**Work to be completed:** Note each line in the data holding the string "with" and report it.

=-=-=-=-=

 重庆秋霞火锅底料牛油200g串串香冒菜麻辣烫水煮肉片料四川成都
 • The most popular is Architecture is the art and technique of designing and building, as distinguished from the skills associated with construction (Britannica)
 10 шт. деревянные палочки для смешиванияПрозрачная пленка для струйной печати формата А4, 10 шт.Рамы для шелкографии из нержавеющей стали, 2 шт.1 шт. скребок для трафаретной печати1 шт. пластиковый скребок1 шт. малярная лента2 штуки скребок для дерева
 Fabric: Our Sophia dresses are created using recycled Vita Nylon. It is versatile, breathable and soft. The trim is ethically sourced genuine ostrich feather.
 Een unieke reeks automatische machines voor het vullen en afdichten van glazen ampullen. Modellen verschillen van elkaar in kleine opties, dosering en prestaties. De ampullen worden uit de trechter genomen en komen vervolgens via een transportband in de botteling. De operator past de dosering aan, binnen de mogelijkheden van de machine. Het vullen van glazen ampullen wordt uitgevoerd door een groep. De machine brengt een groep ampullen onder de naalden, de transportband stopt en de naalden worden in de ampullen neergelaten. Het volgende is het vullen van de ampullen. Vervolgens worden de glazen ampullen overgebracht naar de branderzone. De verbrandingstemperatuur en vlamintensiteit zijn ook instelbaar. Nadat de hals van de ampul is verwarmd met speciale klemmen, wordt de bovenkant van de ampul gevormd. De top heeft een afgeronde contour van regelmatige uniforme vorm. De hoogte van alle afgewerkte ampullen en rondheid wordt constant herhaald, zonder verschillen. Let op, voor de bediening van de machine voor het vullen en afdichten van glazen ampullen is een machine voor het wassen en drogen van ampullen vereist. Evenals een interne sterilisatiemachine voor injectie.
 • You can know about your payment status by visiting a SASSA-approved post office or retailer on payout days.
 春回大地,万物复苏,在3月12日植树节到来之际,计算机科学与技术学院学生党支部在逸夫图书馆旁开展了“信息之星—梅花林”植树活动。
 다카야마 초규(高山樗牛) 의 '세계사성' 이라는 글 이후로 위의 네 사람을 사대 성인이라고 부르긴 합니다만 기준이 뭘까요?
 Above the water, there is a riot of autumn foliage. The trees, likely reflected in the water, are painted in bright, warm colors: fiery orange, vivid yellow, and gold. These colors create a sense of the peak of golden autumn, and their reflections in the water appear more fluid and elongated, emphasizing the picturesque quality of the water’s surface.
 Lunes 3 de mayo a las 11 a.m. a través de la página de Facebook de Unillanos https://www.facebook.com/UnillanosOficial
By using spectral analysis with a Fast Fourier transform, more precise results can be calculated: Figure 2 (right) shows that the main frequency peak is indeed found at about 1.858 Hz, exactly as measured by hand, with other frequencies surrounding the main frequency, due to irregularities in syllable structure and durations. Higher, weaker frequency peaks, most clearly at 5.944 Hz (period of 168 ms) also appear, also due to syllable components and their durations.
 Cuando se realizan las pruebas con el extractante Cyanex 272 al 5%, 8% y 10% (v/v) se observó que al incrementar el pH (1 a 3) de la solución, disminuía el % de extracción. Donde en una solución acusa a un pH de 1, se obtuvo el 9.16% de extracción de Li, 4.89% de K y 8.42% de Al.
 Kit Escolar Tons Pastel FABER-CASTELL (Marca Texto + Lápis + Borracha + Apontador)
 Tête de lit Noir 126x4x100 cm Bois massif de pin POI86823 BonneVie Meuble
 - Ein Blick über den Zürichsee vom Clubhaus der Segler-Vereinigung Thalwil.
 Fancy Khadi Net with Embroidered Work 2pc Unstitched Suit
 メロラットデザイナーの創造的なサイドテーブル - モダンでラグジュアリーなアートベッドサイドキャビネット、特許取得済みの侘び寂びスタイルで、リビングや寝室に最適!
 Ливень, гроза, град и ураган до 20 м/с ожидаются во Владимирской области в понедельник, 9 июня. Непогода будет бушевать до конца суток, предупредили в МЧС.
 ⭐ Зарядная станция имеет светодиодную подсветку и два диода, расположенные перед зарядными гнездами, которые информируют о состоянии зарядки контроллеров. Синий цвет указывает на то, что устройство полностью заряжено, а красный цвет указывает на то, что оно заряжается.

=-=-=-=-=

**Answer section:**
 • The most popular is Architecture is the art and technique of designing and building, as distinguished from the skills associated with construction (Britannica)
By using spectral analysis with a Fast Fourier transform, more precise results can be calculated: Figure 2 (right) shows that the main frequency peak is indeed found at about 1.858 Hz, exactly as measured by hand, with other frequencies surrounding the main frequency, due to irregularities in syllable structure and durations. Higher, weaker frequency peaks, most clearly at 5.944 Hz (period of 168 ms) also appear, also due to syllable components and their durations.
 Fancy Khadi Net with Embroidered Work 2pc Unstitched Suit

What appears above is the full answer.